Но моя ветреная подруга и слышать об этом не хотела, влюбляясь в отечественных и зарубежных писателей, композиторов и поэтов.
Родственники Константина, к которым он приезжал в юности, уже несколько лет, как покинули этот грешный мир. Славные бездетные старики, они прожили вместе всю жизнь и умерли едва ли не в один день. А все свое состояние оставили любимому внучатому племяннику, коим им доводился Константин. Так что помимо замечательных личных качеств он приобрел и более чем достаточное состояние, что делало его и вовсе неотразимым в глазах саратовских барышень. Но к их огромному сожалению — жениться он, судя по всему, не собирался, во всяком случае, до самого последнего времени.
— Я не понимаю, у кого рука поднялась на этого человека, — уже вовсю рыдала моя подруга.
— Но почему ты думаешь, что его убили? — спросила я, предположив, что ей известно больше, чем она успела мне сообщить.
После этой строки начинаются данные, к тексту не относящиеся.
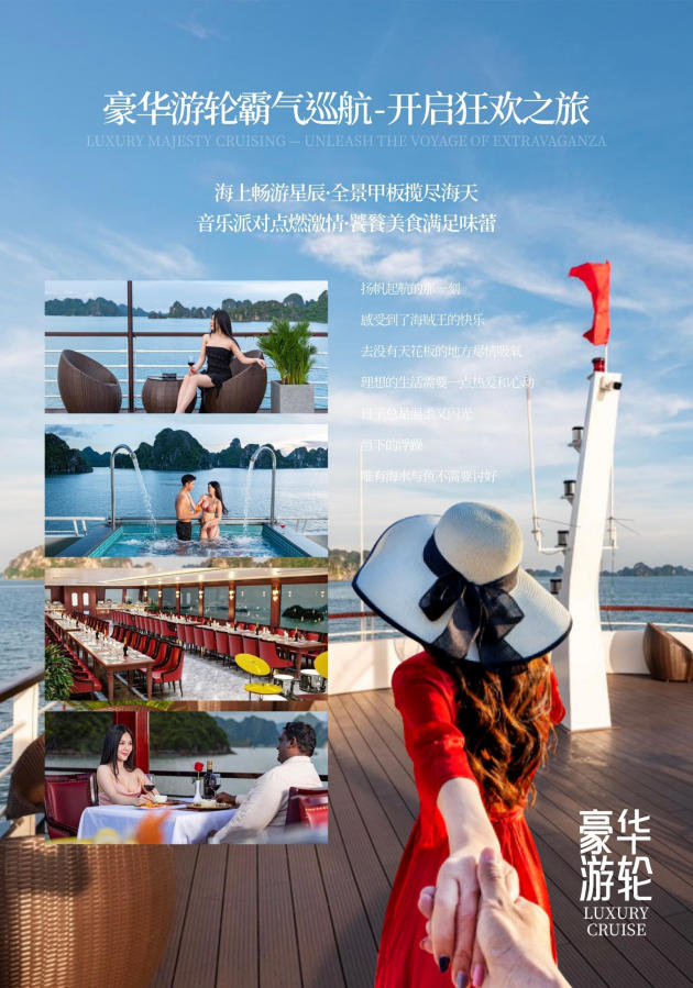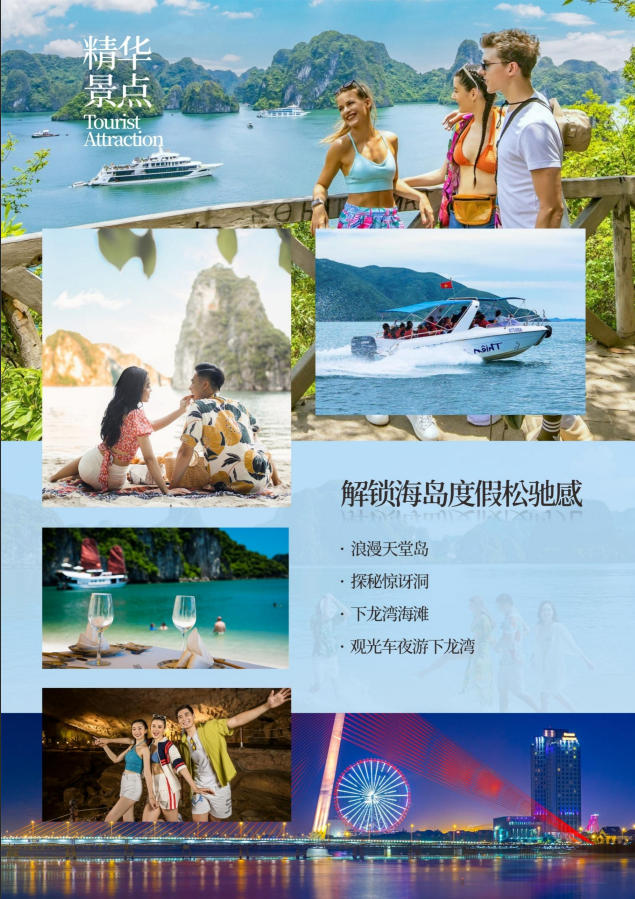 早餐后乘坐【diamond cruises號或dream cruises 或phoenix vip cruise或同級別】,暢游海上桂林—下龍灣。一邊聆聽抒情的音樂,邊觀賞下龍灣的美景,享用約100 種高級菜肴,(含自助午餐+自助下午茶)。漫游世界八大自然遺產(chǎn)之一的“海上桂林”, —下龍灣(游覽時間約6H)(在1500多平方公里的海面上、聳立著3600多座大小不一、千姿百態(tài)的喀斯特地貌的山石、更以其“海美、山幽、洞奇”三絕而享譽(yù)天下)登海上島嶼——溶洞,觀狗爬山、香爐山、斗雞山等數(shù)不勝數(shù)的風(fēng)景盡收眼底,再從斗雞石出發(fā)游覽下龍灣的精華景點(diǎn)之一(迷宮仙境),隨著游船觀賞一座座的獨(dú)立仙巖(大拇指山、青蛙山、天鵝山)等千姿百態(tài)的景色。,午餐安排于船上進(jìn)行品海鮮餐,下龍灣亦有小漁船如影相隨,把酒臨風(fēng),去國懷鄉(xiāng)之憂蕩然無存,在天海一色中的游船上大快朵頤的美妙感覺在您的全身悄悄蔓延。午餐后乘坐【快艇】前往【月亮湖】,抵達(dá)洞口后換成小木船進(jìn)入洞內(nèi),月亮湖是一個360度皆為垂直絕壁的封閉海灣,空靈幽閉。湖水清澈見底,水平如鏡,從上面俯瞰圓如滿月,所以稱為月亮湖。游完后乘坐快艇前往越南最浪漫、最漂亮的島嶼—【天堂島】,島上活動1-2小時。細(xì)白的沙灘上可以玩各種沙灘游戲(游戲道具自備),在指定區(qū)域還可以游泳,登上島嶼的山頂俯視下龍灣海上桂林全景,拍攝您心意的美照,隨后坐船返回碼頭下船,后下船,告別上帝賜于越南最好的禮物---下龍灣。

— Мне подсказывает сердце… — разочаровала меня Шурочка. — Как у каждого замечательного человека, наверняка у него были враги. Господи, ну почему подлецы, преступники, казнокрады живут себе припеваючи, а хорошие люди…
Она не нашла точных слов и уткнула свой покрасневший носик в уже мокрый от слез платочек. Успокоить ее мне было нечем. Моя няня по этому поводу говорила, что хорошие люди нужны Господу, и Он старается прибрать их к себе побыстрее. Подобные мысли часто звучат на похоронах, дабы примирить скорбящих с их невосполнимой утратой, и, похоже, в этом расхожем мнении отразились реальные космические законы. Смертность среди праведников во все времена была значительно выше, чем среди их антиподов. Так повелось с первых дней творения. И Авель сошел в могилу, а Каиново потомство заполонило всю Землю. Похоронив мужа, я немало размышляла на эту тему, хотя, честно говоря, примириться с подобным положением вещей так и не смогла.

ГЛАВА ВТОРАЯ

Кое-как успокоив и проводив Шурочку, я решила узнать о смерти Константина все возможное. Можно было обратиться в полицию, благо у меня там было много знакомых, но я предпочла иной источник информации.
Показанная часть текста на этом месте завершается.